DATA SEGMENT |
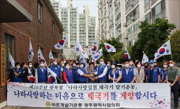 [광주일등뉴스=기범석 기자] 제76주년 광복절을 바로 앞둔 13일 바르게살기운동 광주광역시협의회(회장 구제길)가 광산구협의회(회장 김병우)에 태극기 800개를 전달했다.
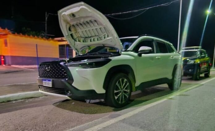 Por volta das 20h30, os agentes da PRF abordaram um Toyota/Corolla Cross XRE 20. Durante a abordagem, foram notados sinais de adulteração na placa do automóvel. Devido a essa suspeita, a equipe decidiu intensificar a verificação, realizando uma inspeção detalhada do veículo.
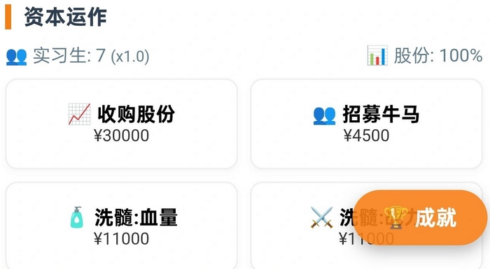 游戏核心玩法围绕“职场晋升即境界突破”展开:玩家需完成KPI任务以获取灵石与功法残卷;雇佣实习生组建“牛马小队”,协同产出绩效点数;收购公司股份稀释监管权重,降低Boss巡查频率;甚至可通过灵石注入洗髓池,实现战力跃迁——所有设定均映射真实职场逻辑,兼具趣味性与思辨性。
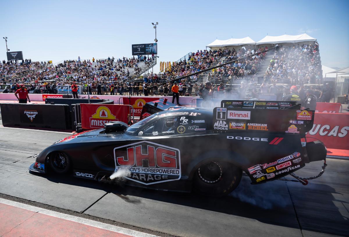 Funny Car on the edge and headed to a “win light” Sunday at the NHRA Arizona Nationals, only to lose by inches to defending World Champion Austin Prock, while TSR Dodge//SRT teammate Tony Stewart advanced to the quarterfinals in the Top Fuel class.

EXERCISE AIM | Everything in the data except the pictures needs to be written out exactly.

SOLUTION TO THIS TASK |
 [광주일등뉴스=기범석 기자] 제76주년 광복절을 바로 앞둔 13일 바르게살기운동 광주광역시협의회(회장 구제길)가 광산구협의회(회장 김병우)에 태극기 800개를 전달했다.
 Por volta das 20h30, os agentes da PRF abordaram um Toyota/Corolla Cross XRE 20. Durante a abordagem, foram notados sinais de adulteração na placa do automóvel. Devido a essa suspeita, a equipe decidiu intensificar a verificação, realizando uma inspeção detalhada do veículo.
 游戏核心玩法围绕“职场晋升即境界突破”展开:玩家需完成KPI任务以获取灵石与功法残卷;雇佣实习生组建“牛马小队”,协同产出绩效点数;收购公司股份稀释监管权重,降低Boss巡查频率;甚至可通过灵石注入洗髓池,实现战力跃迁——所有设定均映射真实职场逻辑,兼具趣味性与思辨性。
 Funny Car on the edge and headed to a “win light” Sunday at the NHRA Arizona Nationals, only to lose by inches to defending World Champion Austin Prock, while TSR Dodge//SRT teammate Tony Stewart advanced to the quarterfinals in the Top Fuel class.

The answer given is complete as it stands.